- ABOUT THIS EXERCISE -
In the listing that follows, retype every line from the first through the one containing "Машина скорой помощи". Pictures are to be left out.

- COLLECTED MATERIAL -
'''

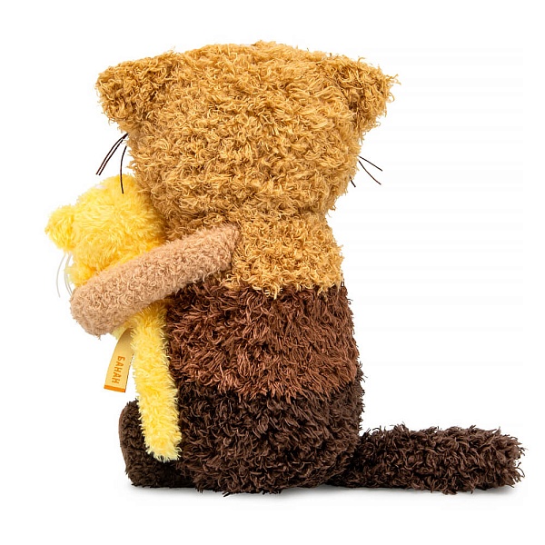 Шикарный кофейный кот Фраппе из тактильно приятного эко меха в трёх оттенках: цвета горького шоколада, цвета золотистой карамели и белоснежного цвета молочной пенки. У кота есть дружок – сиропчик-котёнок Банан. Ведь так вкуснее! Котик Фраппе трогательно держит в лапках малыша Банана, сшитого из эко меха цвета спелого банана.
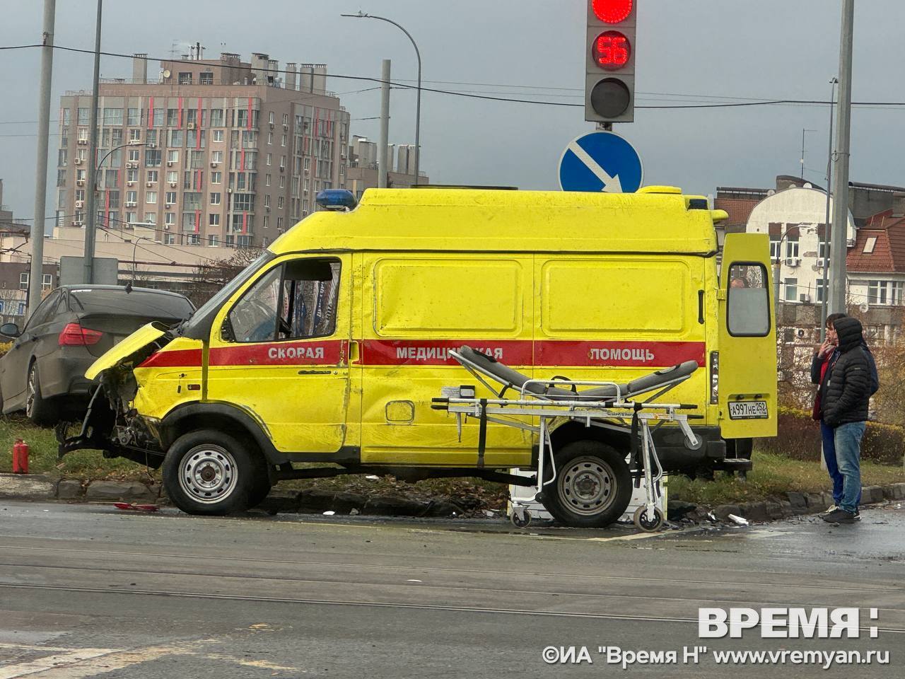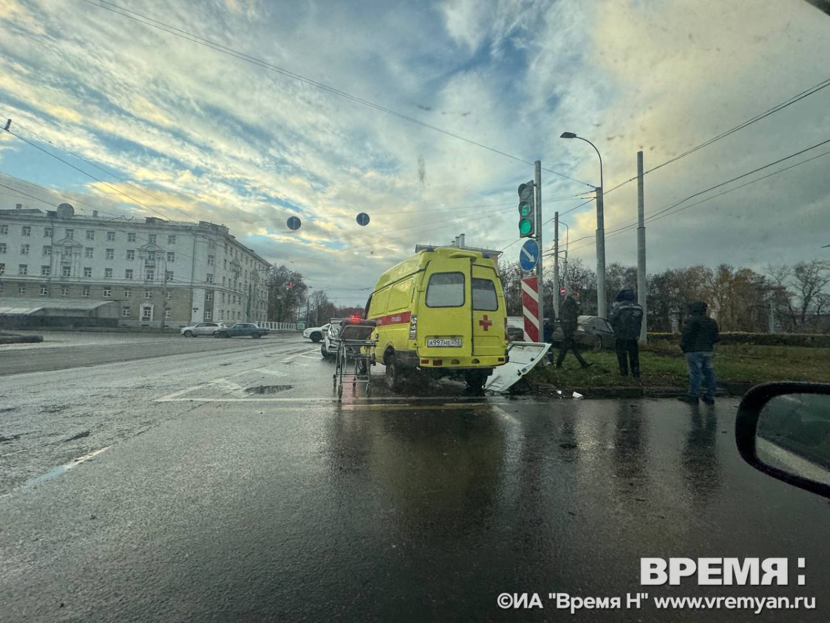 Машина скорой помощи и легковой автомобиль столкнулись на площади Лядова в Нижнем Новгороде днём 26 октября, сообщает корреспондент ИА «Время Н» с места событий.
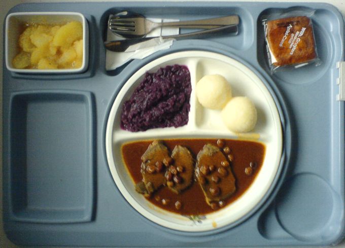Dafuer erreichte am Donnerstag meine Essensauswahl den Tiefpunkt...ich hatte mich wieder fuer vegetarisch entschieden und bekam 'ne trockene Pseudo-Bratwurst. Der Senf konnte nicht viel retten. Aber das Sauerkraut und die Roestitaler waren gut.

'''

- SOLUTION -
 Шикарный кофейный кот Фраппе из тактильно приятного эко меха в трёх оттенках: цвета горького шоколада, цвета золотистой карамели и белоснежного цвета молочной пенки. У кота есть дружок – сиропчик-котёнок Банан. Ведь так вкуснее! Котик Фраппе трогательно держит в лапках малыша Банана, сшитого из эко меха цвета спелого банана.
 Машина скорой помощи и легковой автомобиль столкнулись на площади Лядова в Нижнем Новгороде днём 26 октября, сообщает корреспондент ИА «Время Н» с места событий.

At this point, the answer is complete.